Upon substituting in the given condition, we get the following :
$\begin{align}
  & \Rightarrow {{C}_{1}}{{C}_{2}}={{r}_{1}}+{{r}_{2}} \\
 & \Rightarrow \sqrt{{{\left( g+4 \right)}^{2}}+{{\left( f+4 \right)}^{2}}}=6+f \\
\end{align}$
Let us square it on both sides.
Upon doing so, we get the following :
$\begin{align}
  & \Rightarrow {{C}_{1}}{{C}_{2}}={{r}_{1}}+{{r}_{2}} \\
 & \Rightarrow \sqrt{{{\left( g+4 \right)}^{2}}+{{\left( f+4 \right)}^{2}}}=6+f \\
 & \Rightarrow {{g}^{2}}+16+8g+{{f}^{2}}+8f+16={{f}^{2}}+36+12f \\
 & \Rightarrow {{g}^{2}}+8g=4f+4 \\
\end{align}$
Now let us substitute $g,f$ with $x,y$ so as to check which conic or line or curve we get.
Upon doing so, we get the following :
$\begin{align}
  & \Rightarrow {{g}^{2}}+8g=4f+4 \\
 & \Rightarrow {{x}^{2}}+8x=4y+4 \\
\end{align}$
As we can see clearly, it is a parabola.
$\therefore $ The centers of those circles which touches the circle,${{x}^{2}}+{{y}^{2}}-8x-8y-4=0$ externally and also touch the $x$-axis, lie on a parabola.

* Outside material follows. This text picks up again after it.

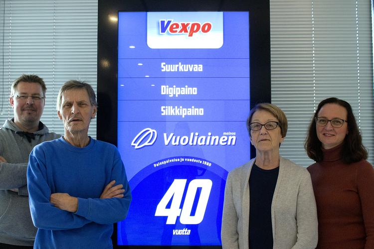 Riihimäellä toimiva Vuoliainen perustettiin 1.10.1980. Liisa ja Pekka Marttila loivat perheyrityksen, jonka toimiala lähti silkkipainosta ja vuosien saatossa osaaminen on laajentunut. Kilpailu on vuosien mittaan koventunut ja alan teknologia on kehittynyt valtavin harppauksin. Vuosi 2020 on Marttilan perheyritykselle suuri vuosi koska yrityksessä juhlitaan 40-, 50- ja 70-vuotissyntymäpäiviä.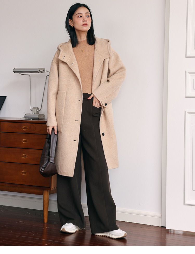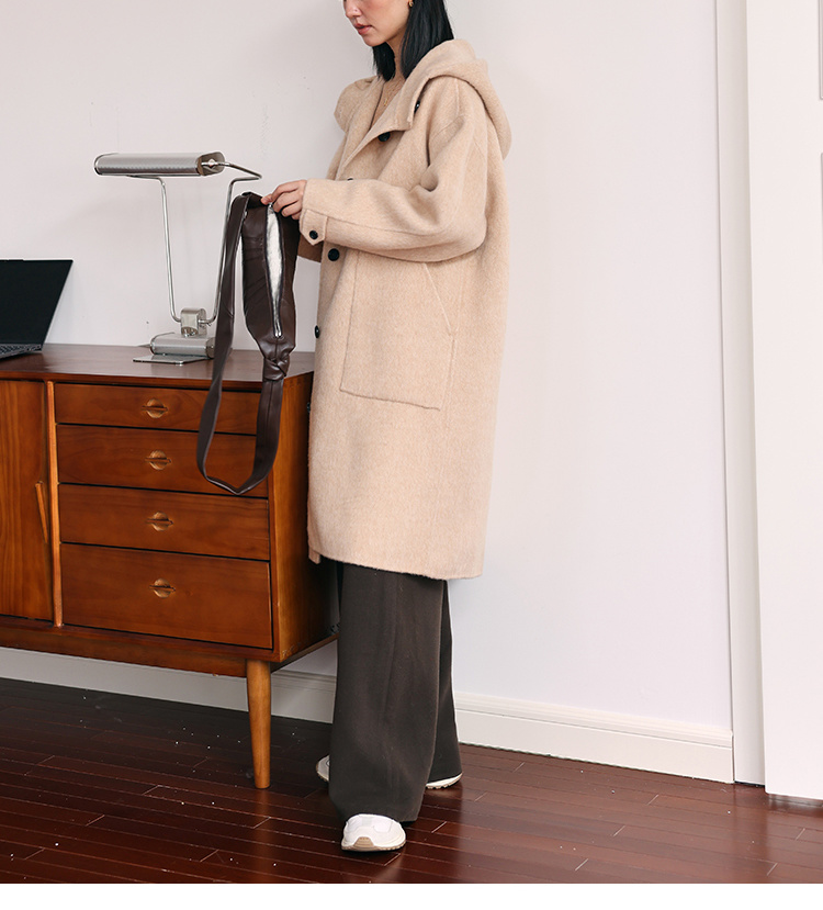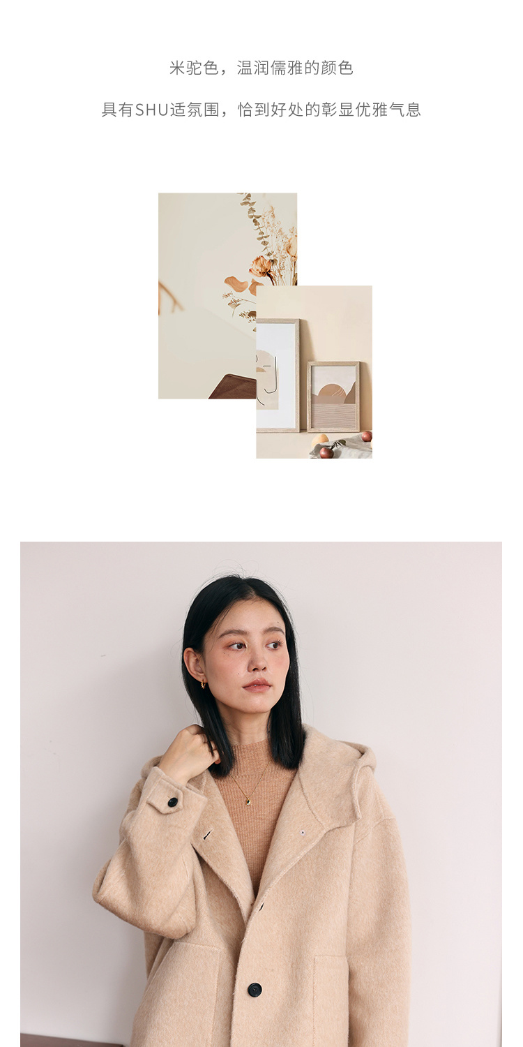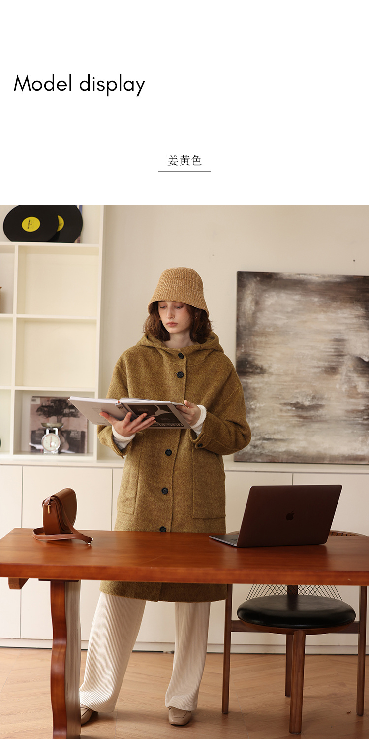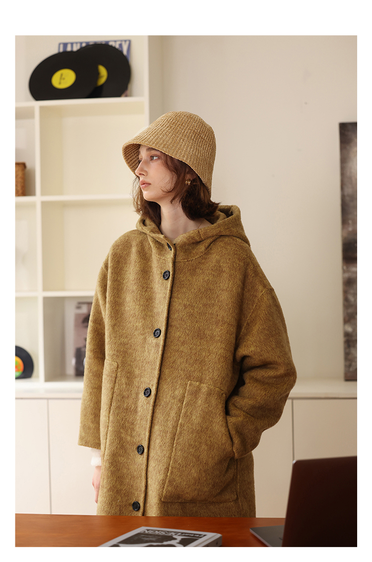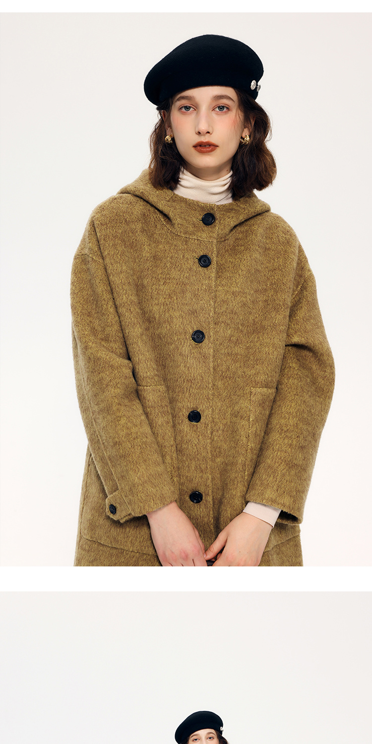 HeyDress连帽毛呢外套女秋冬宽松休闲羊毛长大衣骆驼绒气质双面呢

So the option is D.

Note: We can either complete the squares of the last equation we got to conclude that it is a parabola or if we are well versed with all the conic sections and their general equation, we can directly conclude that it is a parabola. So we should know the general equations of all the conic sections so as to complete a question quickly in the exam. We should also remember the conditions for different positions of the circles with the axes as well as with other circles.